> What this task involves: You are asked to repeat the listing word for word and to leave out its pictures.

> Provided data:
::::::::::
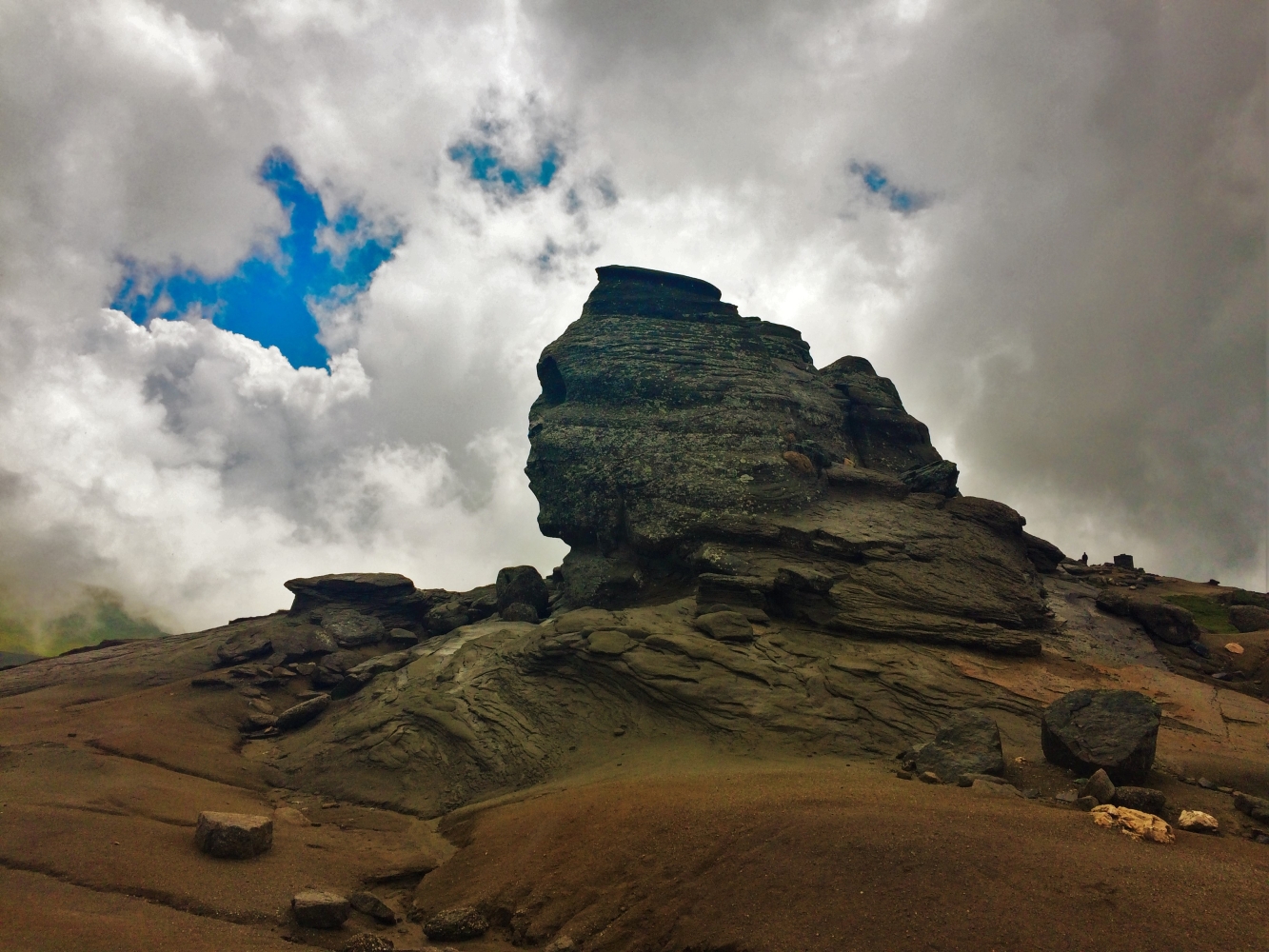 Sfinga v NP Bucegi. Skalní útvary roztodivných tvarů jsou tu typické.
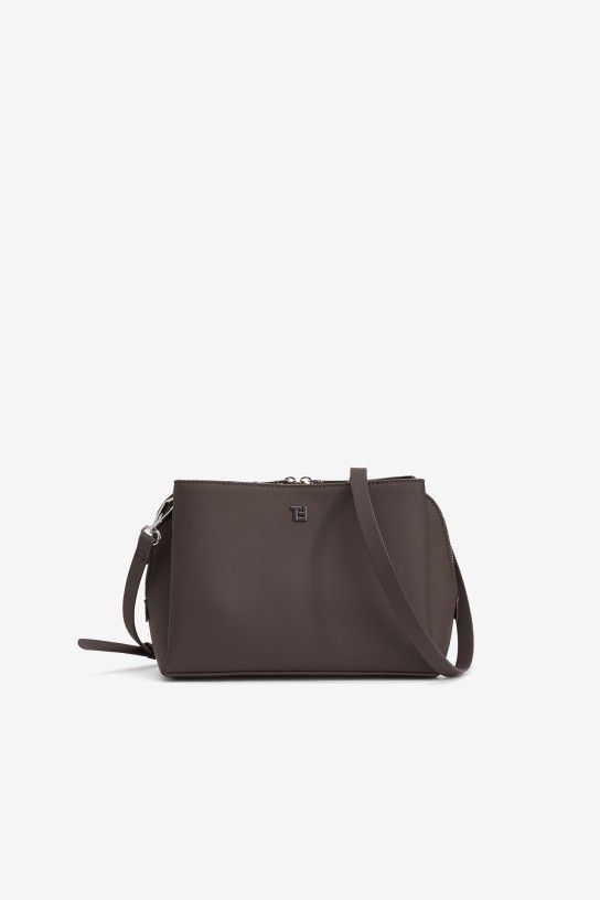 Bolso bandolera efecto piel con tres compartimentos, cierres magnéticos laterales y cierre superior de cremallera. Correa bandolera ajustable y desmontable. Bolsillo interior con cremallera.
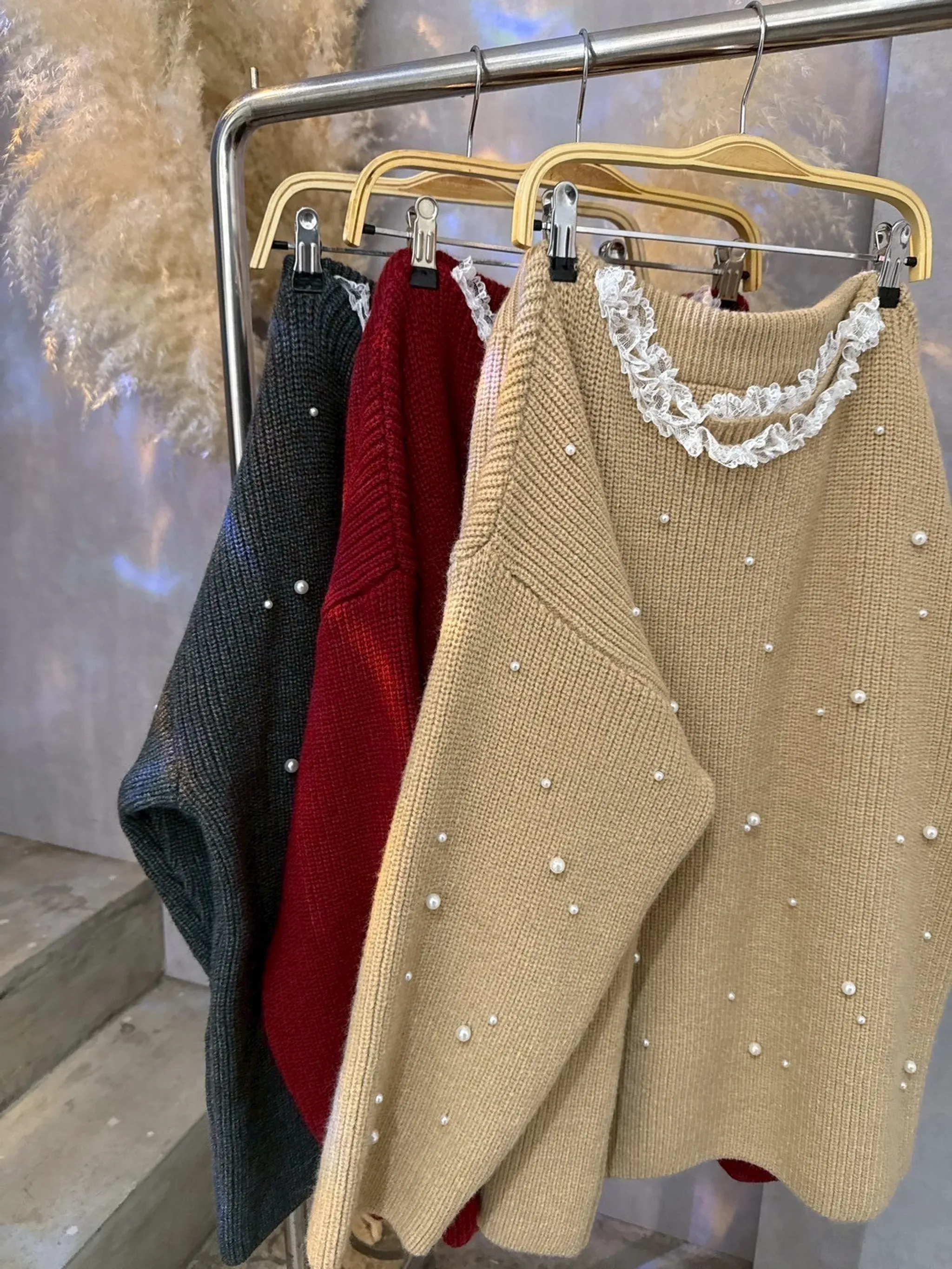 1/15收單-滿版針織蕾絲領口浪漫套裝
::::::::::
> Result below:
 Sfinga v NP Bucegi. Skalní útvary roztodivných tvarů jsou tu typické.
 Bolso bandolera efecto piel con tres compartimentos, cierres magnéticos laterales y cierre superior de cremallera. Correa bandolera ajustable y desmontable. Bolsillo interior con cremallera.
 1/15收單-滿版針織蕾絲領口浪漫套裝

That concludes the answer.